The benefits of walking to fight stress
It’s common knowledge that exercising improves your mood, but what a lot of people don’t realise is that you don’t need to bust a gut and be dripping in sweat to reap those benefits.
The benefits of walking are endless, and in honour of Stress Awareness Month and Walk to Work Day, I’ve compiled a list of ways you can walk off your stress. Whether it’s a slow stroll with friends or a brisk power-walk around the block, making walking a part of your daily routine can reduce tension and promote feelings of calm.
1. It gives you the chance to get out of your own head
Most of the time when we’re stress, our minds have a tendency to over-think the things that cause us to be stressed. Getting up and taking a walk allows you to observe the environment around you and find distractions. If a walk among the trees doesn’t strike you as inviting, then theres always a shopping centre or city streets to occupy your mind.
2. Being outside reduces your stress levels
I mentioned the trees. Spending time among nature has been linked to stress reduction and a number of studies have confirmed this. One study found that people’s stress levels were directly related to the amount of green space around them; those surrounded by more greenery were found to be less stressed. The benefits of walking through nature also improve your memory and attention span so if you ever find yourself in a stress spiral or stuck in a rut, then grab your walking shoes and become one with nature.
When you exercise, your body releases chemicals called endorphins. These endorphins trigger a positive feeling in the body as well as reducing stress hormones and alleviate mild depression. Endorphins also get released during a brisk-walk, hence contributing to lowering your stress levels.
4. Walking boosts energy and reduces fatigue
If there’s one thing that’s surprising in this world, it’s that sitting at a desk all day is exhausting. As the week goes on your energy levels diminish and you’re beyond tired. According to a 2008 study, individuals with sedentary lifestyles experienced a significant boost in energy (20 percent) and a 65 percent reduction in fatigue after following exercise programs centered around walking.
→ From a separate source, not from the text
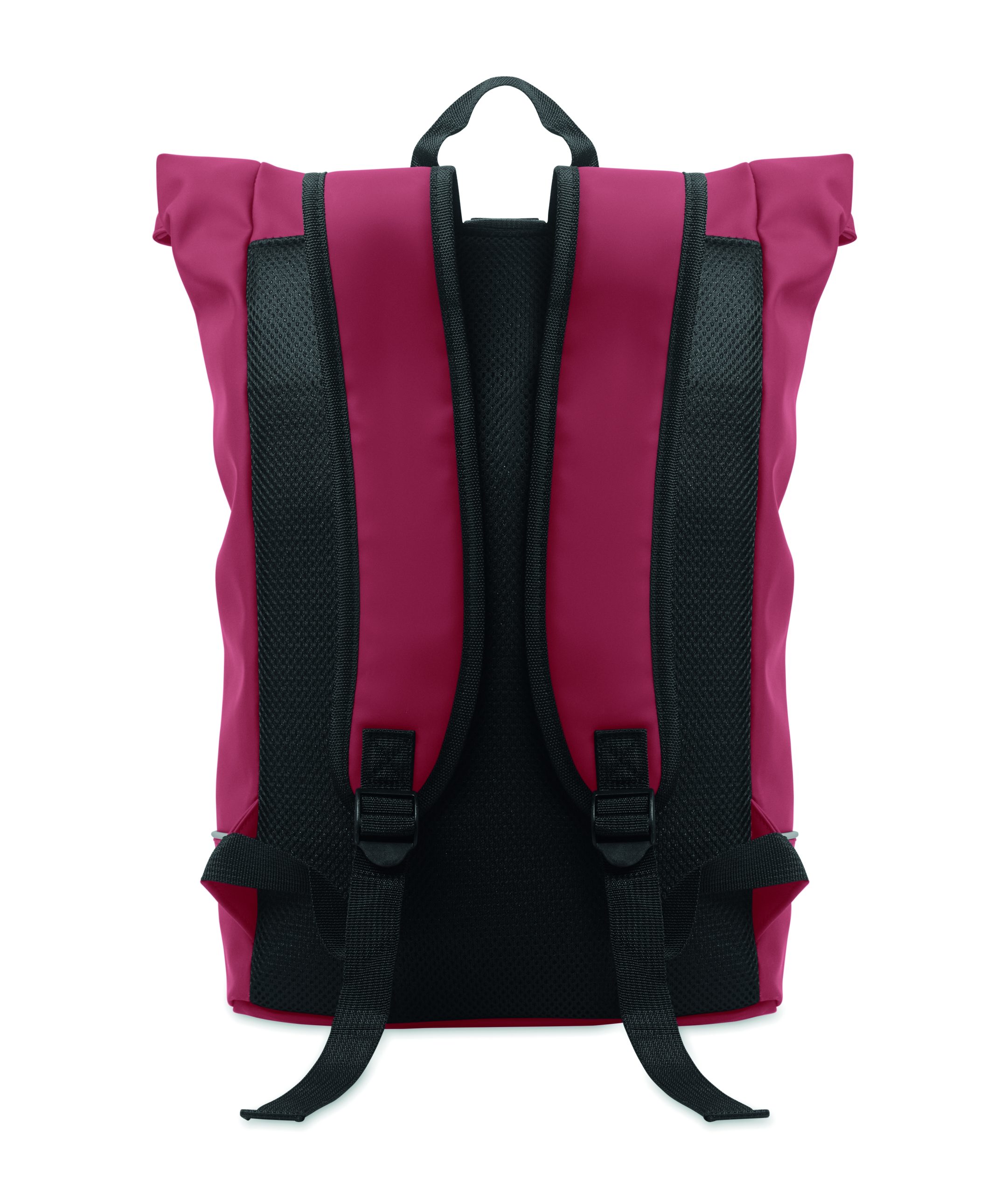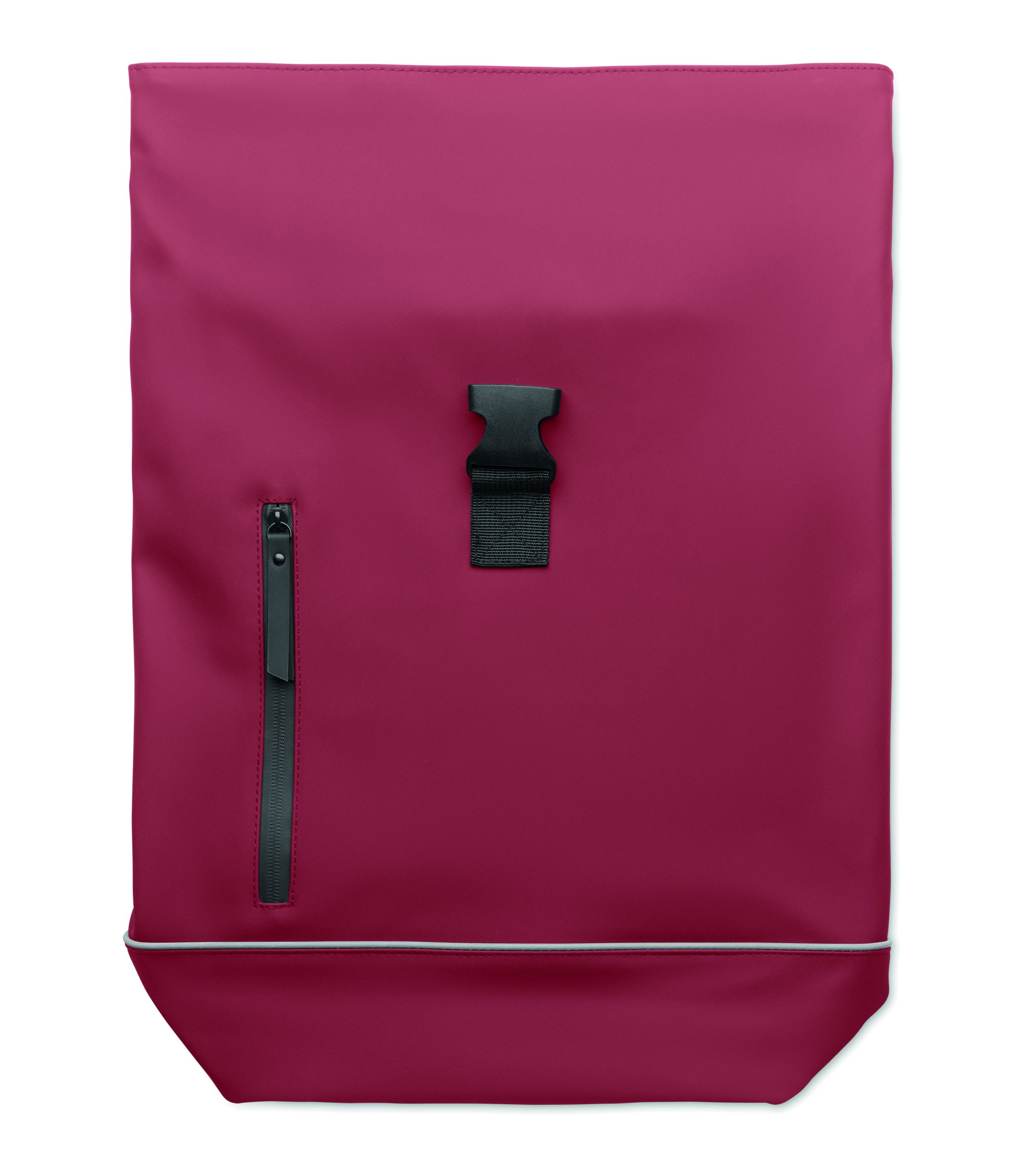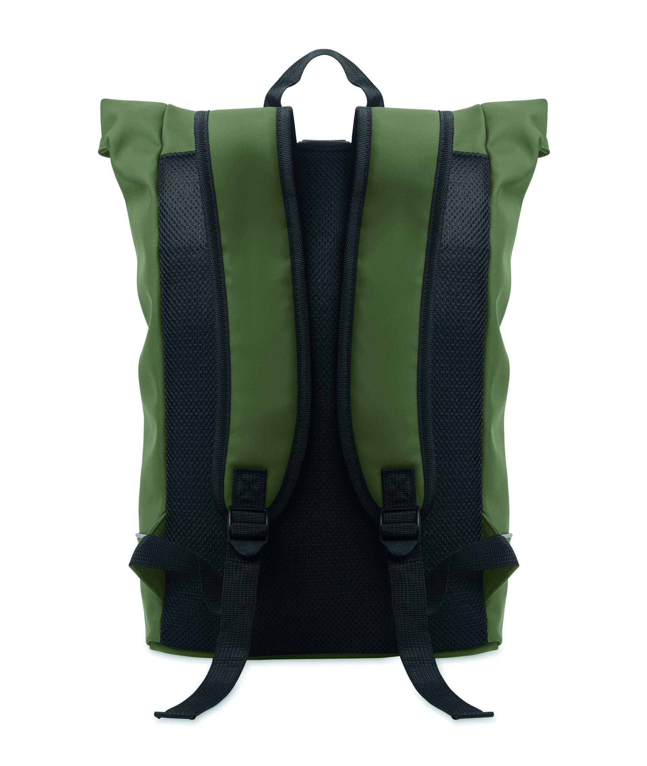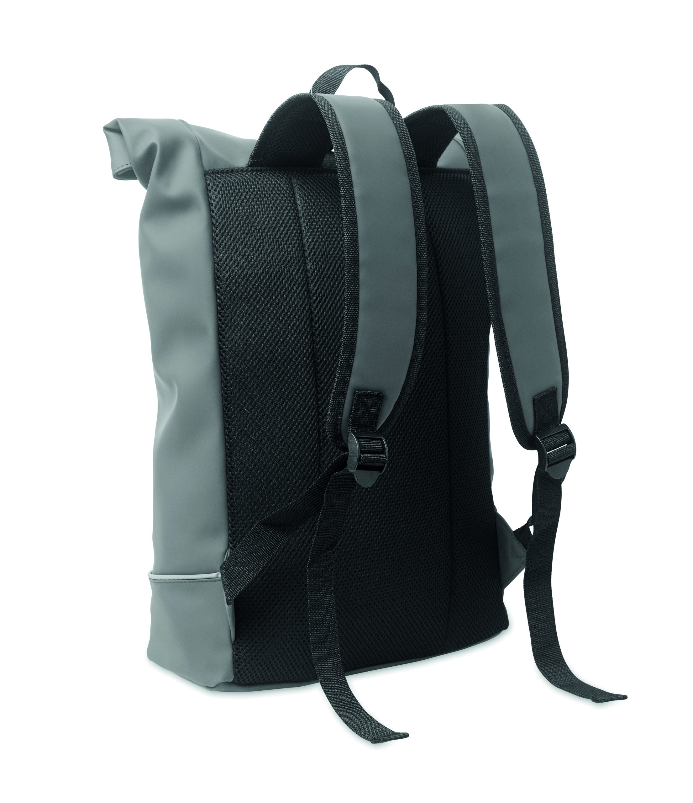 15-calowy plecak na laptopa z miękkiego PU z wyściełanym tyłem i wzmocnieniem podstawy z odblaskowym paskiem. Wodoodporna kieszeń przednia zapinana na zamek. Podszewka z poliestru 210D RPET.
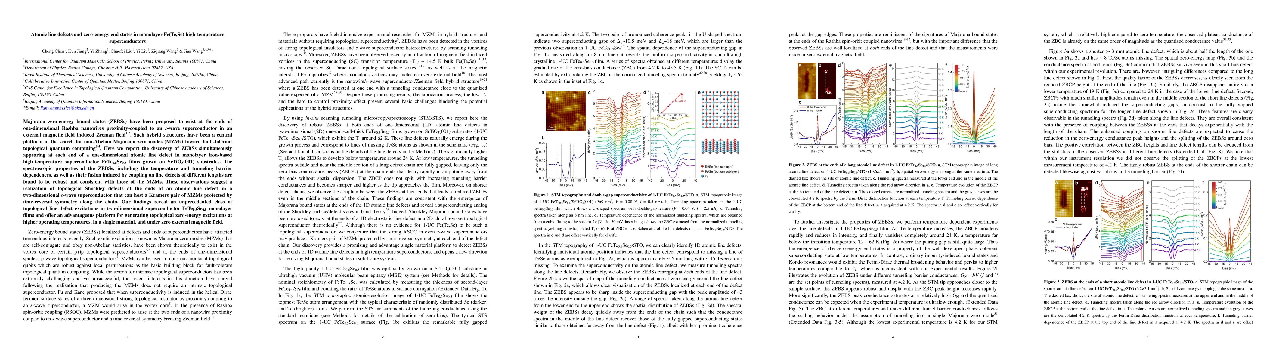This paper reports the discovery of Majorana zero-energy bound states (ZEBSs) at atomic line defects in monolayer FeTe0.5Se0.5 superconductors, suggesting a new class of topological excitations and a potential platform for topological quantum computing at higher temperatures without external magnetic fields.

Taking regular 20-30 minute walks several times a week can alleviate stress and give your mind a boost.
5. Gives yourself a break
Sometimes we need to put a physical and mental distance from the environment that may be causing us stress. Let’s say you’re at work and everything is going wrong and you feel like you’re spiralling, a walk on your lunch break will work wonders. You’ll experience all the benefits mentioned above, and it will force you to actually take a break from your day, enabling you to go back and do what needs to be done.
The benefits of walking for your health
We can’t ignore the benefits walking has on your physical health. Walking is a weight-bearing exercise meaning that you carry your own weight as you go. It can reduced your risk of heart disease and stroke as well as improve management of conditions like high cholesterol, joint and muscular pain or stiffness. You’ll also sleep better at night if your day involves a significant amount of walking. This will in turn help improve your mood because we all know everything feels worse when you’re tired. Walking for at least half an hour a day can also burn up to 300 calories, depending on your level on intensity. So, it’ll start to burn off those calories you consumed during your stress-eating session.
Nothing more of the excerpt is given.